A narrativa do filme ganha certo impulso no segundo ato, “Um ano depois”, tempo suficiente para que os dois homens tomem finalmente alguma atitude diante da “mesmice” de suas vidas. Resolvem então visitar a prima que havia se mudado para uma cidade fria, congelada e distante. Nesse lugar, os espaços são outros, entretanto, as pessoas são as mesmas, levam a mesma “vidinha” americana. Querendo sair da mediocridade do cotidiano, os amigos resolvem ir ao cinema, metalinguagem que coloca os personagens como meros espectadores que jamais teriam suas vidas representadas na grande tela. Eles são o público, estão sentados nas poltronas, receptores de um cinema repleto de ação e barulho, avesso ao silêncio de suas vidas. Sim, a vida americana não é “como a gente vê” no cinema...

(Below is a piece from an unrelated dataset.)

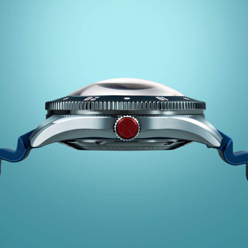 風防に、大きく突出したスーパードーム型サファイアレンズを採用。角度をつけて覗くと歪んで見えるさまは、水圧に耐えられるよう厚いガラスで構成された潜水艇の舷窓を彷彿とさせます。逆回転防止ベゼルは艷やかなセラミック製。高密度設計により30気圧もの高防水を備えています。

Mais difícil que mudar os hábitos e ter uma paisagem diferente é constatar que a vida continua a mesma: “Lugar novo e tudo parece igualzinho...”. A luta contra a inércia e a monotonia é mais uma vez o que move os personagens, que decidem “quebrar o gelo” e viajar para a ensolarada Flórida, longe da neve, do lago congelado, da paisagem branca em contraste com seus casacos pretos. Chegam ao “Paraíso”, terceiro ato, uma perspectiva de esperança, um lugar totalmente diferente de todos por onde já haviam passado nesse “quase road-movie”. E, mais uma vez, mudam de ambiente, fogem do “frio”, em direção às famosas praias de Miami, porém, tudo o que vêem é o mar deserto, a solidão, e a vida continua a mesma, a vista lá fora é mais bonita, mas o vazio continua dentro de cada um.

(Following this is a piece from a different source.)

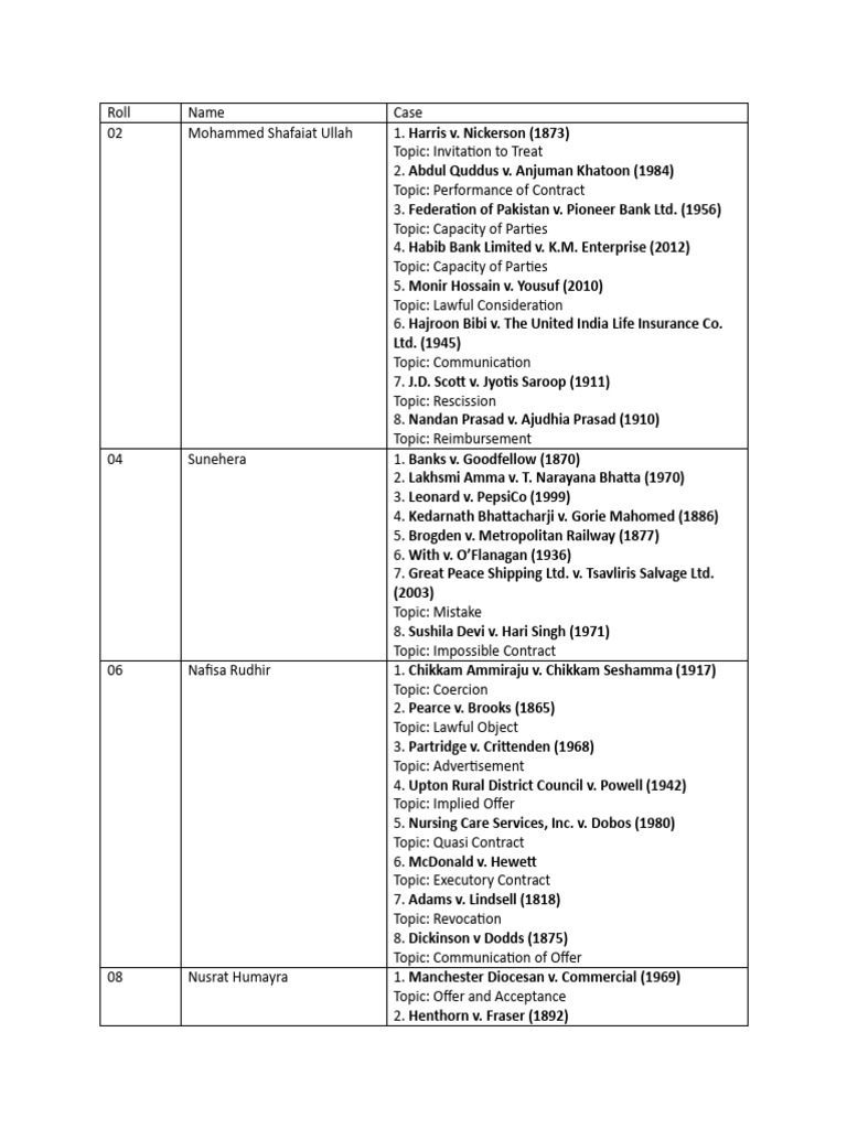 Case List | PDF | Contract Law | Business Law

Os rapazes perdem no jogo, a moça “ganha” dinheiro. Ela decide ir embora, deixa um bilhete, quando os outros voltam, tentam buscá-la, mas perdem-se. O paraíso também tem coisas ruins, assim como em qualquer lugar. Personagens estranhos num paraíso, distantes de uma realidade presente apenas na imaginação, fruto de uma esperança alimentada por um sonho secular... Assim, com os desencontros da vida aliados à necessidade de encontrar-se, o filme é carregado de sensibilidade, ao ponto de o espectador poder concluir: os personagens não são apenas estranhos, além de tudo, representam um povo que não é exatamente representado. Não concretizam o “american dream”, permanecem estranhos no mundo, afinal, por mais que estejam em um lugar diferente, numa cidade distante ou até mesmo no paraíso, continuam a cultivar o vazio que mora, na verdade, dentro deles.